Wednesday, May 29, 2019


PHENOMENALITY: *marvelous*
CAMPBELLIAN FUNCTIONS: *cosmological, sociological*

"Elaan of Troyius" is an episode made up of many strong parts that somehow don't cohere into a whole greater than the parts.

The primary plot-action resembles that of "Is There in Truth No Beauty?," in that both episodes deal with a female character who is committed to be permanently bonded to an "alien" of sorts. In "Truth," Miranda chooses to become bonded, in what I consider a priestess-like function, to a non-human alien. The title character of "Elaan," however, belongs to a humanoid race, the Elasians, and she has been ordered to marry the king of another humanoid species, the Troyians, with whom the Elasians have warred for untold years. The title, in addition to punning on the name "Helen of Troy," is more prescriptive than descriptive: Elaan is not of Troyius when the episode starts out, any more than Helen is of Troy, but it's important to the narrative that Elaan must become "of Troyius." (Writer-director John Meredith Lucas shows off his Troy-knowledge by patterning the names of the two planets after both Troy and its alternate name, Ilion, which in ancient days were derived from the city's founders Tros and Ilus.)

Putting aside questions of godly manipulation, Helen deserts her people (and her husband) willingly.  Elaan, however, has been ordered to marry the Troyian king to avert the mutual destruction of their peoples, and though she has some ambiguous royal status, she's far from willing to be a pawn in the government's policies. The Enterprise is assigned to ferry Elaan and her entourage of guardians to Troyias in order to promote peace in the relevant solar system, but both Elaan and her guards make clear that they consider the Troyians an inferior, over-civilized species (though one presumes that the two groups can inter-breed, since otherwise a political marriage wouldn't have much staying-power). Elaan and her people are prime examples of "Roddenberry barbarians:" rude, outspoken, undiplomatic, and governed purely by their own culture's rigid hierarchies. Troyian ambassador Petri is assigned to acquaint Elaan with the customs she must learn, and she responds by stabbing him.

Captain Kirk, ordered to expedite the political marriage, reluctantly attempts to educate the Elasian woman in the courtesies of civilized people, at which point the narrative drops any pretense of emulating the events of the Trojan War, becoming instead a conglomeration of "The Taming of the Shrew" and "Tristan and Isolde." Kirk actually doesn't do much "taming" beyond threatening to spank the imperious Elasian. Just at the point when he's ready to give up on her, Elaan does a turnabout and suddenly wants Kirk to teach her how to "make people like me." This badly unmotivated about-face is necessary to bring the "love-potion" elements of "Tristan and Isolde" into play. Though the episode doesn't explicitly say that Elas is a matriarchy, there are numerous references to Elasian women being able to control their men with their teats-- not psychologically, but with a biochemical "love potion" in those excretions. The broad implication is that the barbarian woman recognizes Kirk's strength and hopes to use it against her enemies, and for this reason she traps Kirk into loving her.

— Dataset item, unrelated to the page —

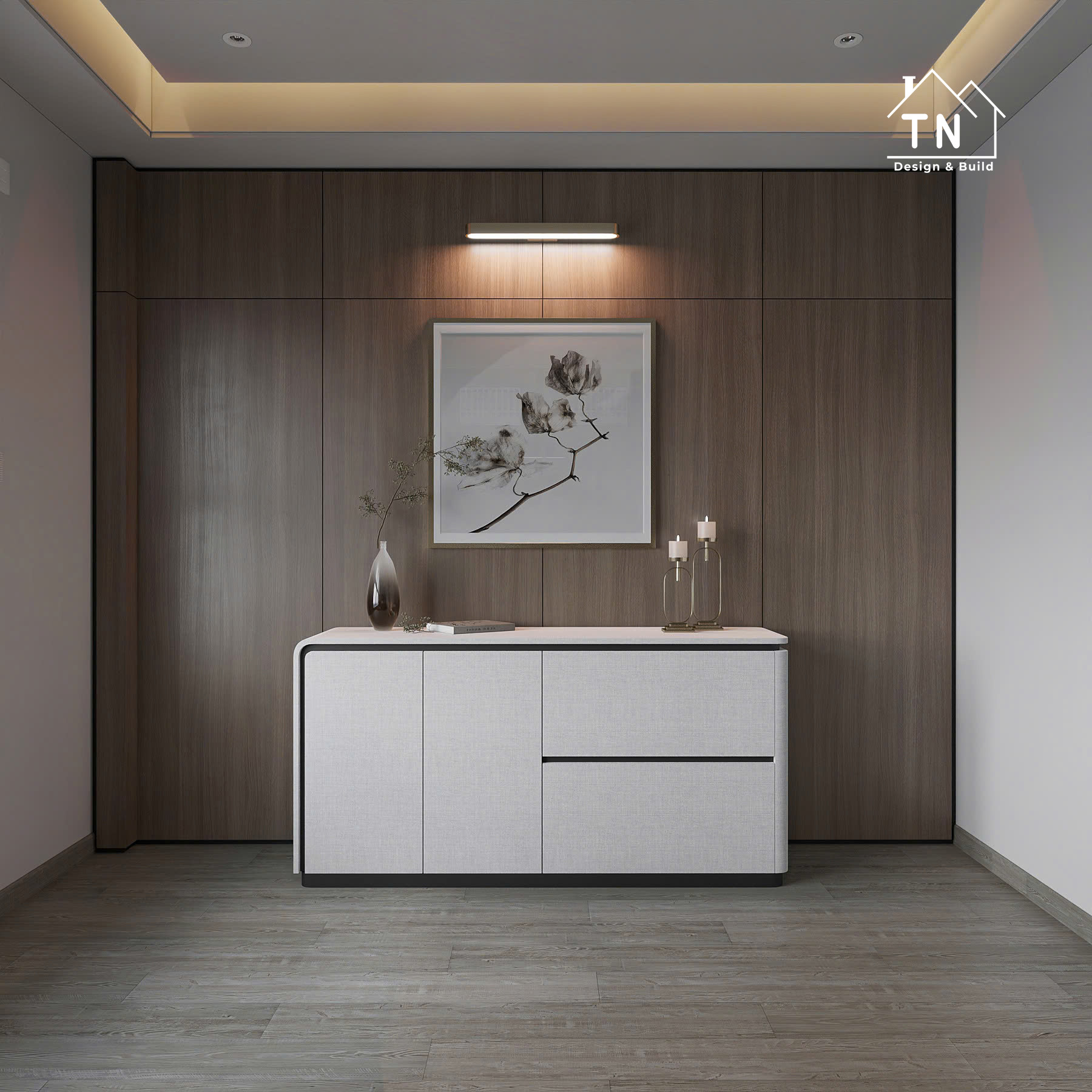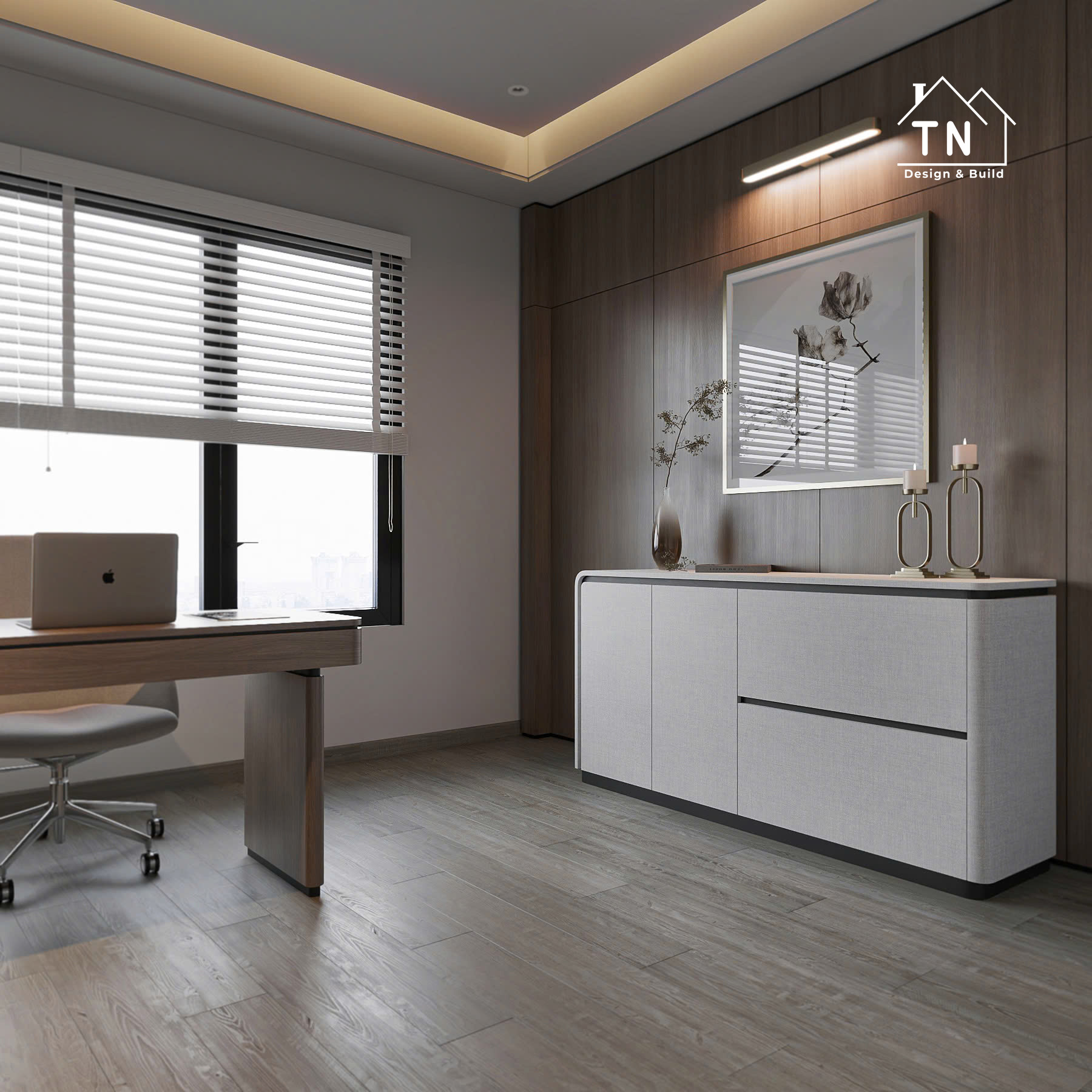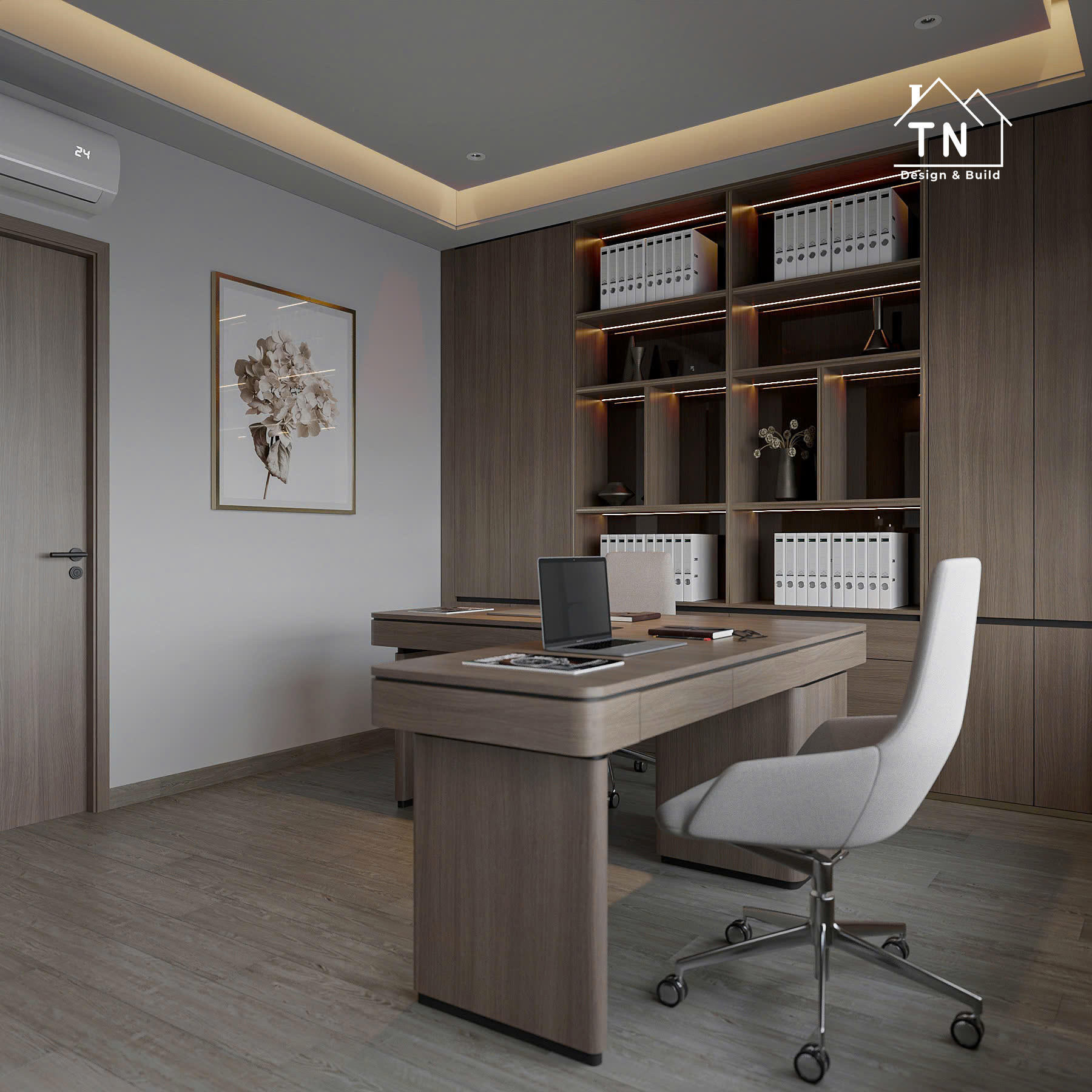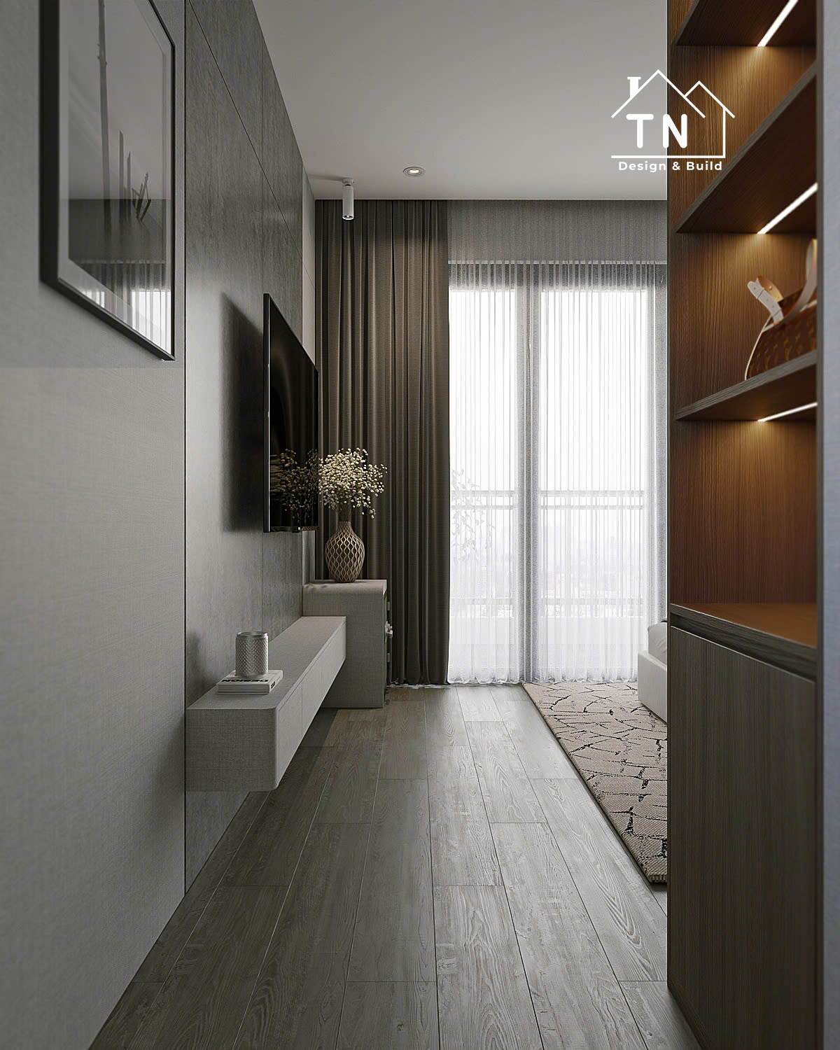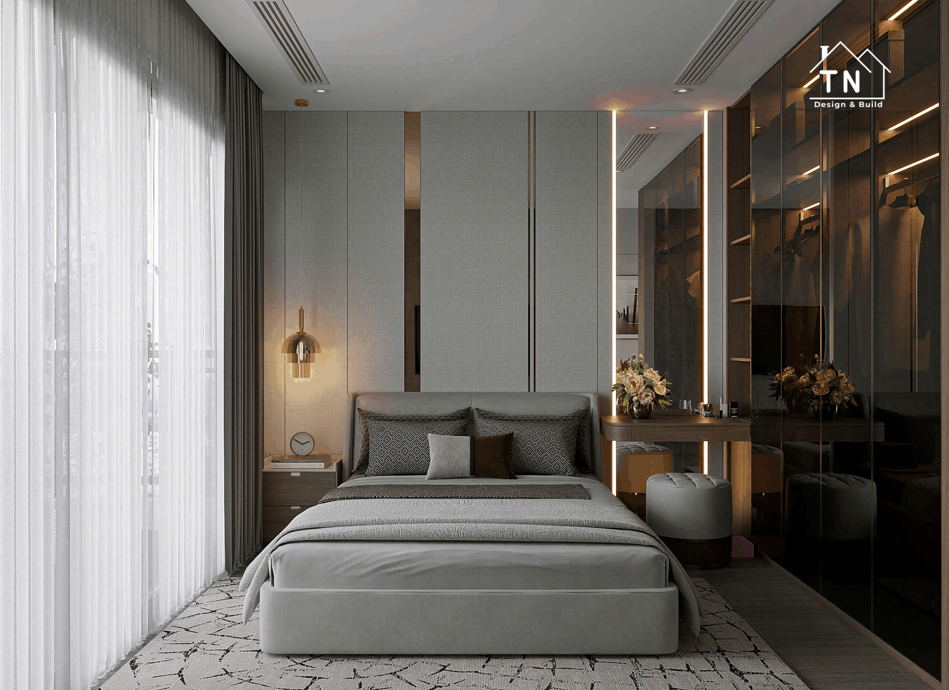 Công trình kiến tạo theo tinh thần Modern Luxury, nơi sự sang trọng không phô trương mà thể hiện qua cách tổ chức không gian chặt chẽ, vật liệu được chọn lọc tinh tế và ánh sáng được xử lý khéo léo. Tổng thể công trình mang cảm giác thoáng đãng, liền mạch, với những mảng gỗ ấm, đá tự nhiên và bề mặt hoàn thiện cao cấp đan xen hài hòa, tạo nên một không gian sống vừa hiện đại vừa giàu chiều sâu cảm xúc.

Naturally, even a besotted Kirk can't be tempted (as Elaan suggests) to rain down death on Troyius and solve Elaan's marital problems. Thus, throughout the episode the Klingons tail the Enterprise, waiting for the chance to sabotage the marriage contract through both internal duplicity and direct assault. Kirk overcomes both the Klingons and the love-spell, and Elaan is obligated to carry out the dictates of her people in the name of peace. Thus, in this version of "Tristan and Isolde," Tristan is separated from his love not so much by her marriage to another man as by his own dedication to a higher cause.